- [WHAT TO WORK ON]: Your answer must be the full listing, reproduced exactly, minus any pictures.

- [INFORMATION PROVIDED]:
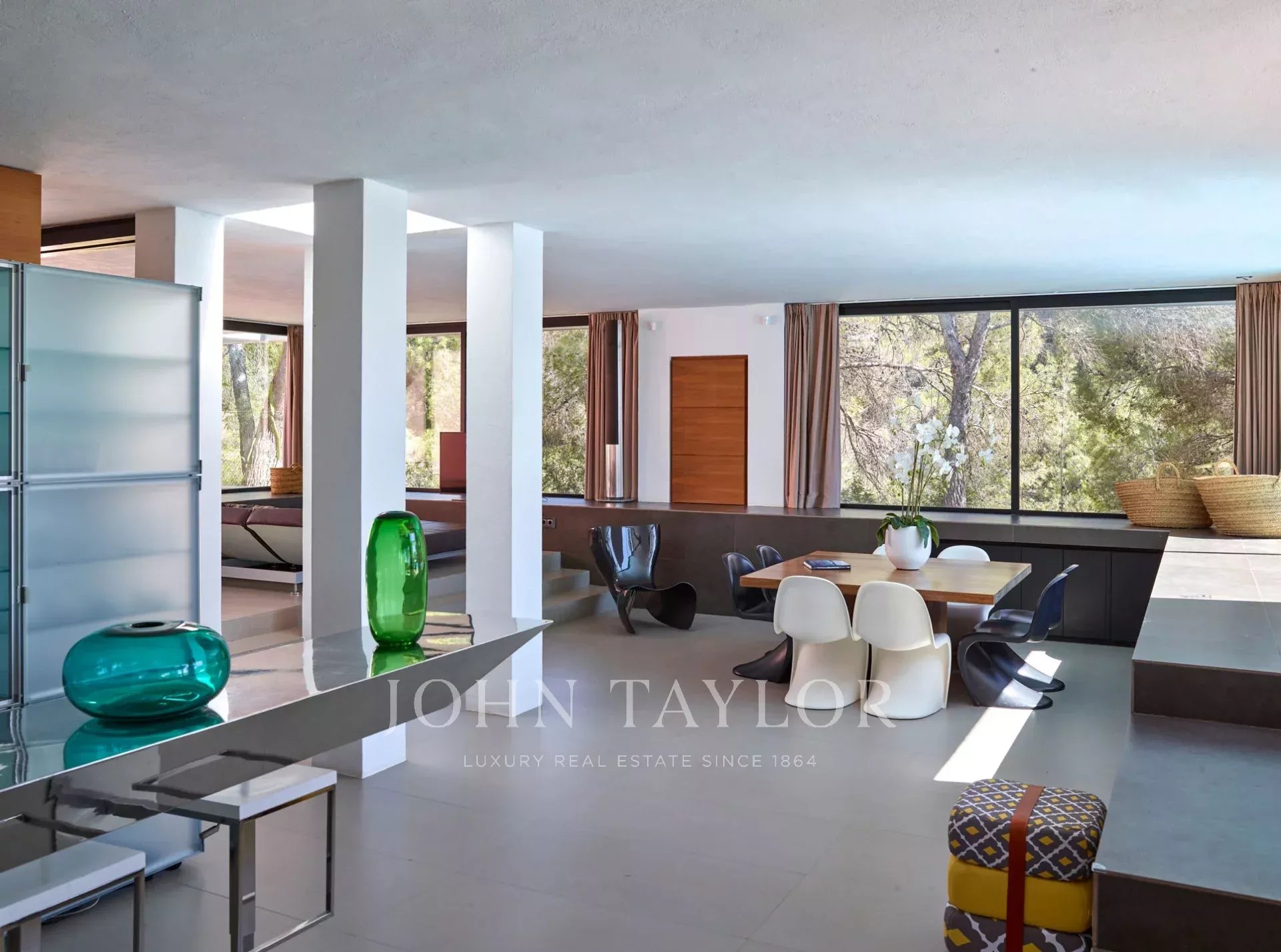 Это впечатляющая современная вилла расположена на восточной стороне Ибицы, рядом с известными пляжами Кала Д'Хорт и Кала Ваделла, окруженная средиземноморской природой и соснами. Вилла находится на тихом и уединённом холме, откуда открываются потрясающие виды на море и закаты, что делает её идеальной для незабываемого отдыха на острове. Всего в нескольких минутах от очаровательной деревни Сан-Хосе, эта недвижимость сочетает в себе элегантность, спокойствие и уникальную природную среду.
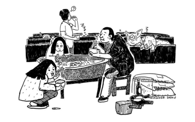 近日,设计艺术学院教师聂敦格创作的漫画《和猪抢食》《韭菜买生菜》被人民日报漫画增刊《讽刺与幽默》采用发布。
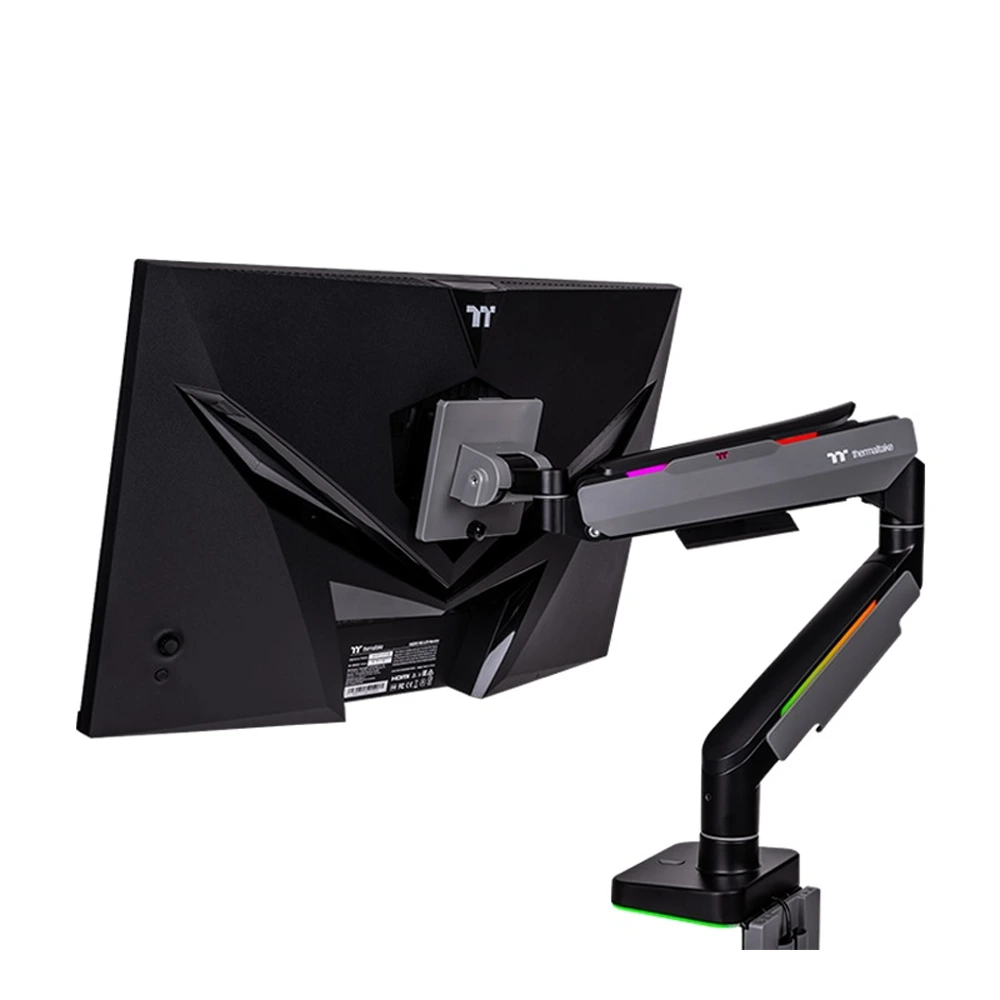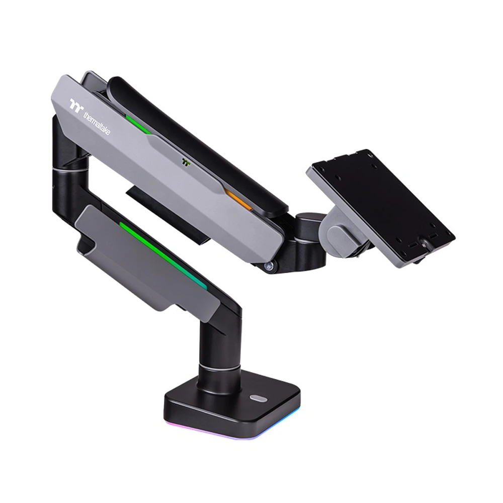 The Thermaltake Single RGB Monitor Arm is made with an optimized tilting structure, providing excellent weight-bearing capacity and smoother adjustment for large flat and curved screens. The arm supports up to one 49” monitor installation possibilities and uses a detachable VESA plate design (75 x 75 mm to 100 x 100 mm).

- [OUTPUT FOR THIS TASK]:
 Это впечатляющая современная вилла расположена на восточной стороне Ибицы, рядом с известными пляжами Кала Д'Хорт и Кала Ваделла, окруженная средиземноморской природой и соснами. Вилла находится на тихом и уединённом холме, откуда открываются потрясающие виды на море и закаты, что делает её идеальной для незабываемого отдыха на острове. Всего в нескольких минутах от очаровательной деревни Сан-Хосе, эта недвижимость сочетает в себе элегантность, спокойствие и уникальную природную среду.
 近日,设计艺术学院教师聂敦格创作的漫画《和猪抢食》《韭菜买生菜》被人民日报漫画增刊《讽刺与幽默》采用发布。
 The Thermaltake Single RGB Monitor Arm is made with an optimized tilting structure, providing excellent weight-bearing capacity and smoother adjustment for large flat and curved screens. The arm supports up to one 49” monitor installation possibilities and uses a detachable VESA plate design (75 x 75 mm to 100 x 100 mm).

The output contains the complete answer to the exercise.